Princess of Goryeo
- Predecessor: Princess Heungbang
- Successor: Queen Munhye
- Monarch: Wang Geon, King Taejo

Queen consort of Goryeo
- Tenure: ?–?
- Predecessor: Queen Munseong
- Successor: Queen Heonsuk
- Born: 925 Hwangju County, North Hwanghae Province,
- Died: Kaeseong, Kaesong Industrial Region
- Spouse: Gwangjong of Goryeo
- Issue: Gyeongjong of Goryeo Prince Hyohwa Lady Cheonchu Lady Bohwa Queen Mundeok

Regnal name
- Taemok (태목, 太穆; "Highest and Majestic")

Posthumous name
- Queen Anjeong Seonmyeong Uijeong Singyeong Gongpyeong Jeongye Daemok 안정선명의정신경공평정예대목왕후 (安靜宣明懿正信敬恭平靜睿大穆王后)
- House: Hwangju Hwangbo clan (official); Wang (agnatic and by marriage);
- Father: Taejo of Goryeo
- Mother: Queen Sinjeong of the Hwangju Hwangbo clan

= Queen Daemok =

Goryeo queen (fl. 10th century)

Queen Daemok of the Hwangju Hwangbo clan (925–?), also known as Queen Taemok, was a Goryeo princess as the only daughter of King Taejo and Queen Sinjeong, also the younger sister of King Daejong who became a queen consort through her marriage with her half older brother, King Gwangjong. She was also the mother of most his children and the first Goryeo queen to use her maternal surname, Hwangbo.
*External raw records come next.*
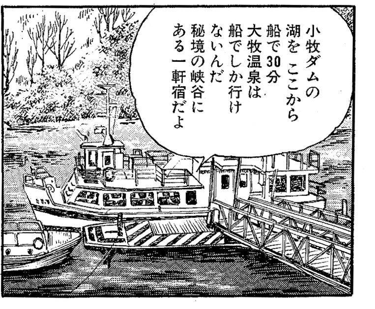「小牧ダムの湖を、ここから船で30分。大牧温泉は船でしか行けないんだ。秘湯の峡谷にある一軒宿だよ」
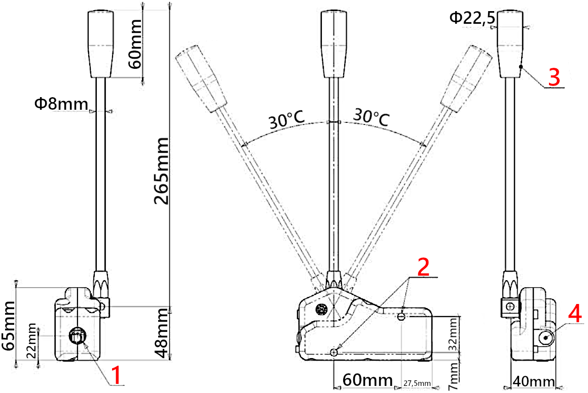 W rozdzielaczu 3 sekcyjnym potrzebne będą trzy takie dźwignie i trzy linki. Dźwignie mogą być łączone i skręcane ze sobą tworząc jednolity panel sterujący.
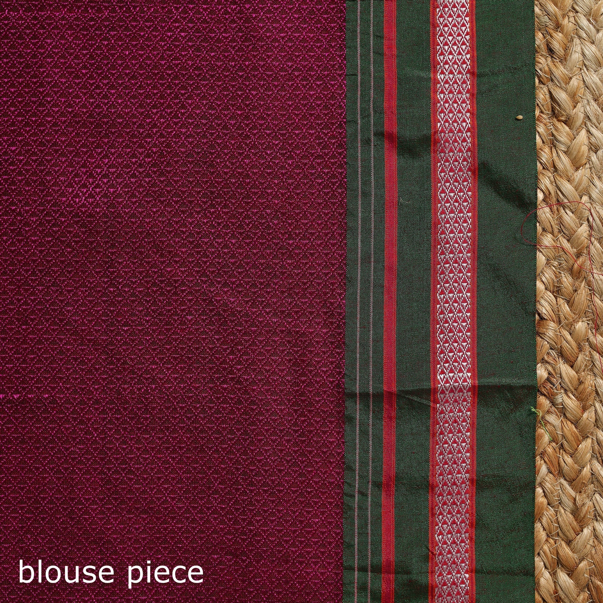 Khun is woven exclusively on a loom in Guledagudd, Bagalkot region, Karnataka. Used only for sari blouses, this handmade fabric is easily recognizable by its small white intricate motif and distinctive reddish-purple border.
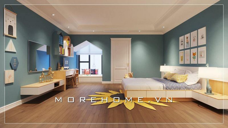 Thiết kế nội thất phòng ngủ trẻ em hiện đại, phần tủ kệ decor hay tranh treo tường tạo nên sự độc đáo, ấn tượng và thích thú hơn cho các con
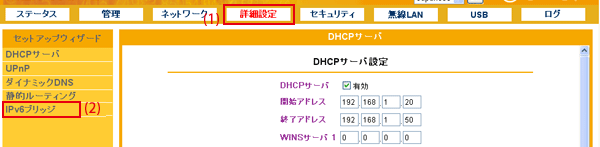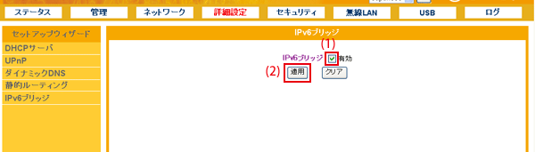 設定画面で「詳細設定」−「IPv6ブリッジ」をクリックして、「IPv6ブリッジ」設定画面を表示させます。

She was born in 925, while her marriage is believed to have taken place between 937 and 943. In 956, when Gwangjong proclaimed the law of slaves' emancipation, she strongly opposed it and begged him earnestly, but Gwangjong ignored and rejected her pleas. Daemok's opposition to the law stemmed from the Hwangbo clan, whose interests she was trying to protect; however, in Gwangjong's eyes, her maternal family was only one of the noble families to be removed.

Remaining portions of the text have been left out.